Task:
Word for word, restate the lines of the listing below from the line with "- Vào ngày 26" through the line with "Kocaeli Büyükşehir Belediyesi, yaşanabilecek", and do not include the pictures.

Exercise inputs:
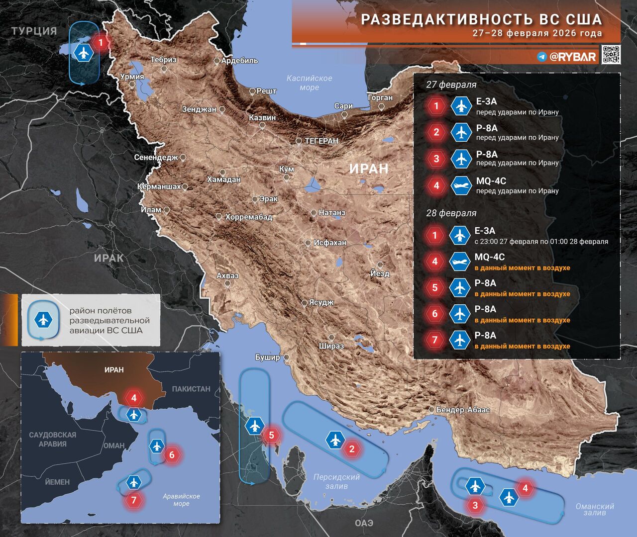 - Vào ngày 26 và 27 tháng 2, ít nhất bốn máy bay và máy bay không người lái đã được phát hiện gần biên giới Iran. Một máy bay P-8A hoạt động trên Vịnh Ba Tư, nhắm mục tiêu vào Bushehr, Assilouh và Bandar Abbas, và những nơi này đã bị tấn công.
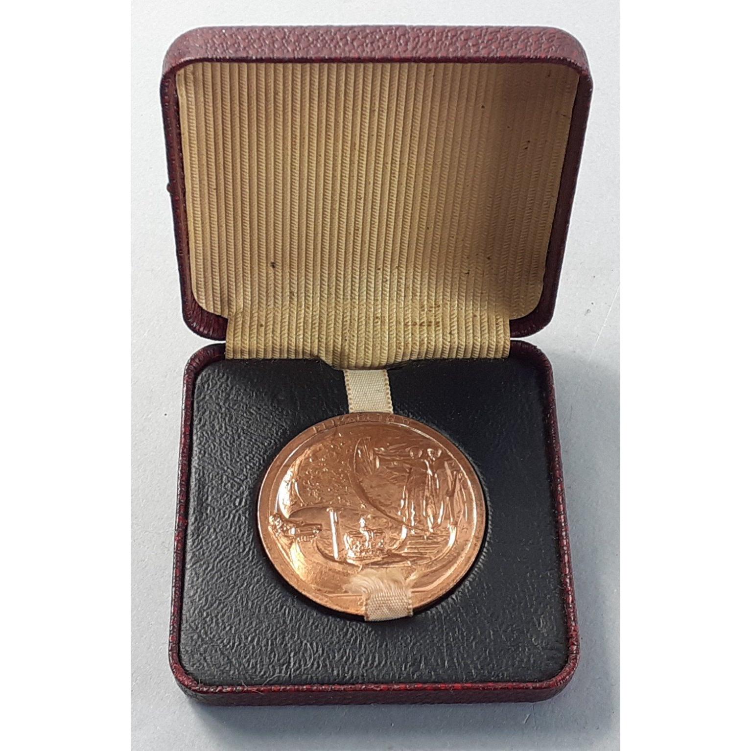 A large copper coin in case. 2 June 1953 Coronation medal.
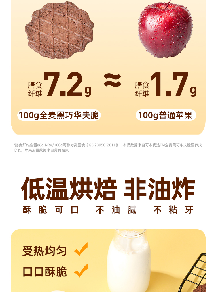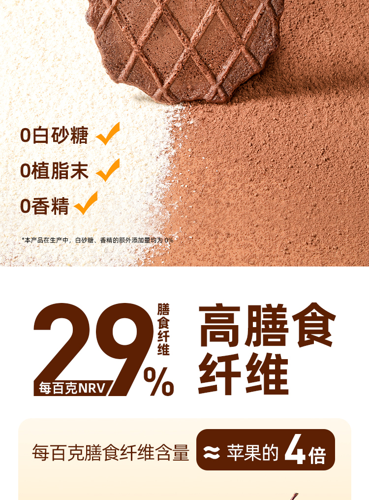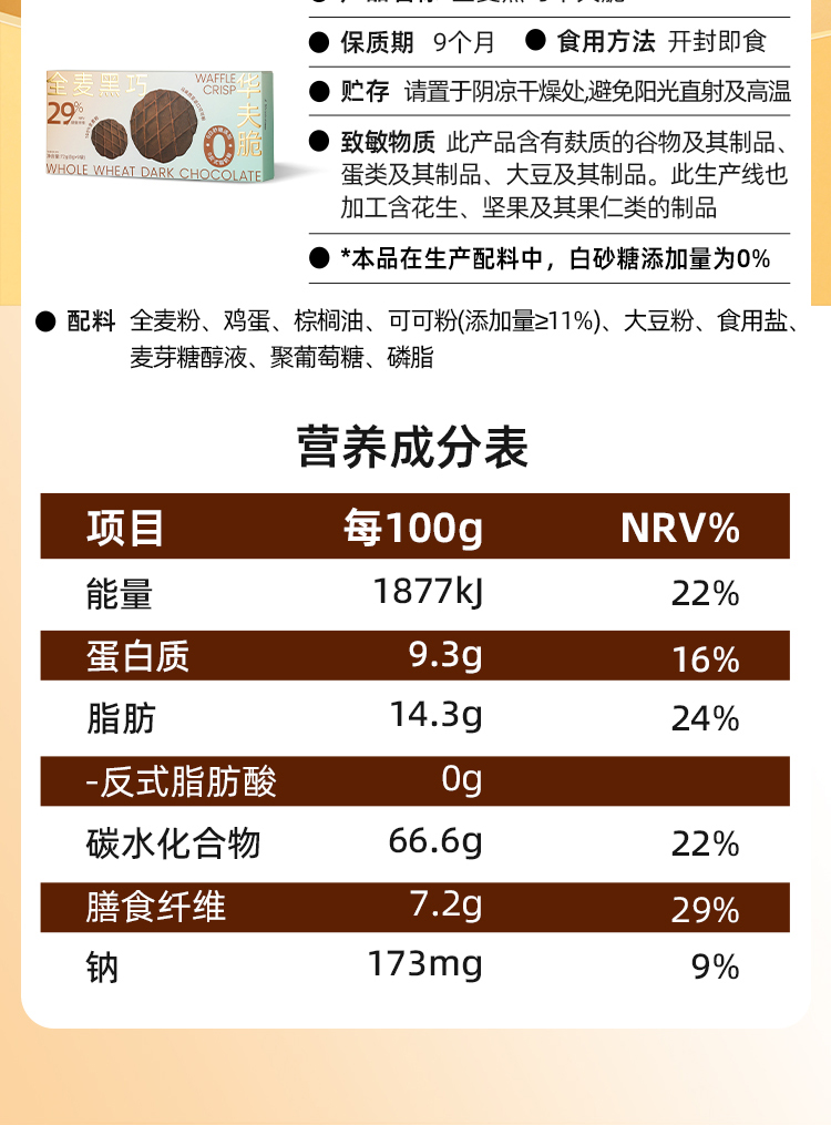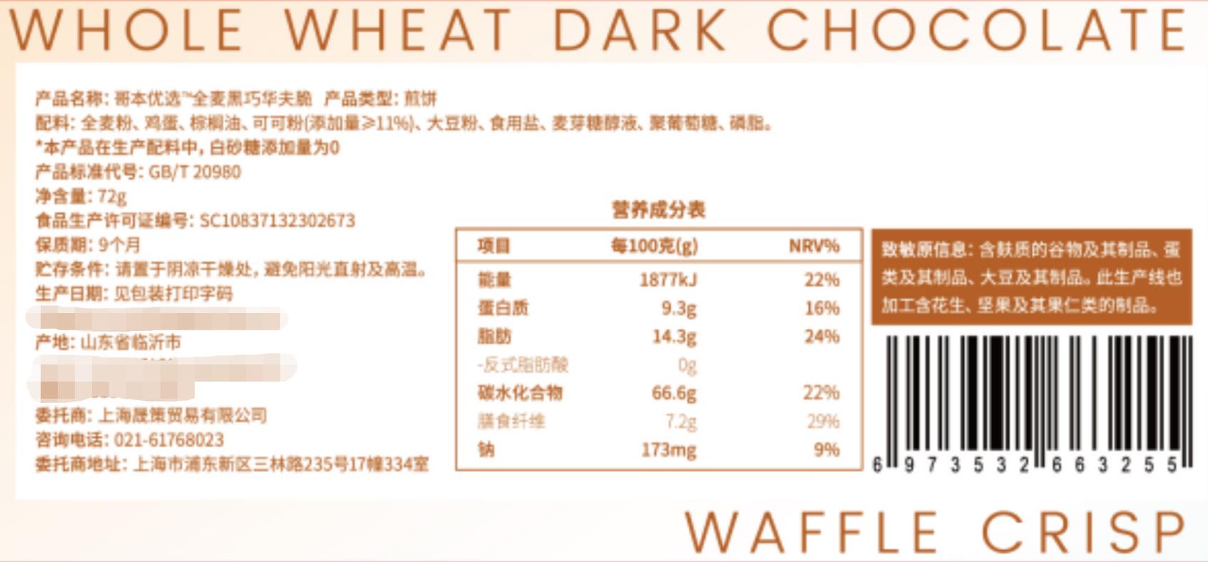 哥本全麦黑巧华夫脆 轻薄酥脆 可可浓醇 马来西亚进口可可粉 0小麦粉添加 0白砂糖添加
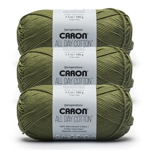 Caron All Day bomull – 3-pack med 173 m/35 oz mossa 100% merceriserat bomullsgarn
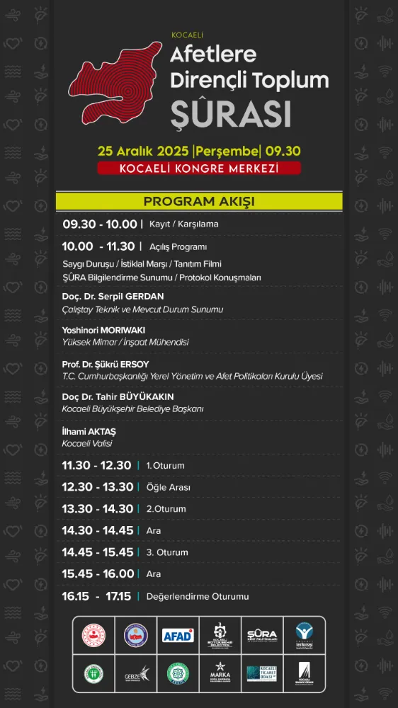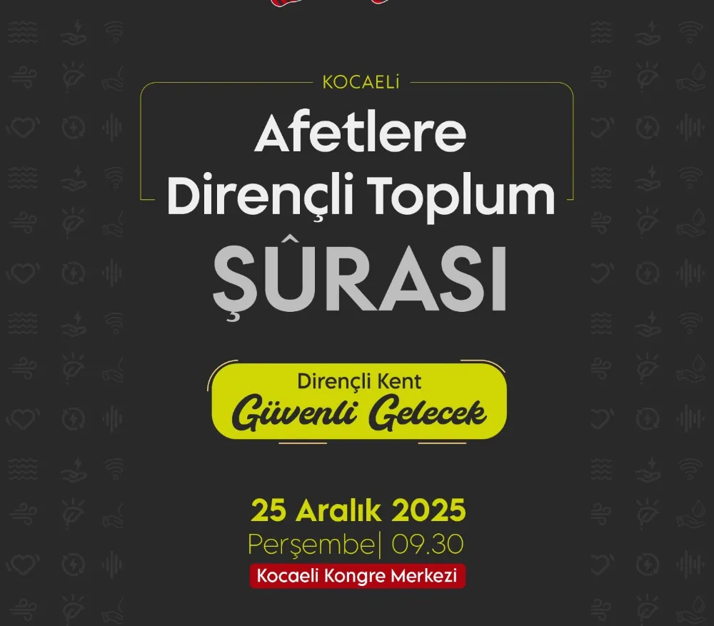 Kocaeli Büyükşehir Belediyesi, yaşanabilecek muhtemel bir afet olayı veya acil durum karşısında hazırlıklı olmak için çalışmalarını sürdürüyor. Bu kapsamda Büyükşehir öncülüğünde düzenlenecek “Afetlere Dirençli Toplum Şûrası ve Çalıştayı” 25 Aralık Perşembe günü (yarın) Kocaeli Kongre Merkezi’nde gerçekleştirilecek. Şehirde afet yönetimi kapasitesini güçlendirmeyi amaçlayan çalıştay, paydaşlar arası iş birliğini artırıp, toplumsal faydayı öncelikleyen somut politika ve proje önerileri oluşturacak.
--
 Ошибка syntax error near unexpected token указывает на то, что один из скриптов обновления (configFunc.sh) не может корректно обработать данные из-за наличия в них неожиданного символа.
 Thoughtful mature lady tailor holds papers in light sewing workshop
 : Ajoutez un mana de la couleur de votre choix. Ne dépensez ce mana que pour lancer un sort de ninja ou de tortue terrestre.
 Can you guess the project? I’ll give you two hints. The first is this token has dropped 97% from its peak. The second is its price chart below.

Output:
 - Vào ngày 26 và 27 tháng 2, ít nhất bốn máy bay và máy bay không người lái đã được phát hiện gần biên giới Iran. Một máy bay P-8A hoạt động trên Vịnh Ba Tư, nhắm mục tiêu vào Bushehr, Assilouh và Bandar Abbas, và những nơi này đã bị tấn công.
 A large copper coin in case. 2 June 1953 Coronation medal.
 哥本全麦黑巧华夫脆 轻薄酥脆 可可浓醇 马来西亚进口可可粉 0小麦粉添加 0白砂糖添加
 Caron All Day bomull – 3-pack med 173 m/35 oz mossa 100% merceriserat bomullsgarn
 Kocaeli Büyükşehir Belediyesi, yaşanabilecek muhtemel bir afet olayı veya acil durum karşısında hazırlıklı olmak için çalışmalarını sürdürüyor. Bu kapsamda Büyükşehir öncülüğünde düzenlenecek “Afetlere Dirençli Toplum Şûrası ve Çalıştayı” 25 Aralık Perşembe günü (yarın) Kocaeli Kongre Merkezi’nde gerçekleştirilecek. Şehirde afet yönetimi kapasitesini güçlendirmeyi amaçlayan çalıştay, paydaşlar arası iş birliğini artırıp, toplumsal faydayı öncelikleyen somut politika ve proje önerileri oluşturacak.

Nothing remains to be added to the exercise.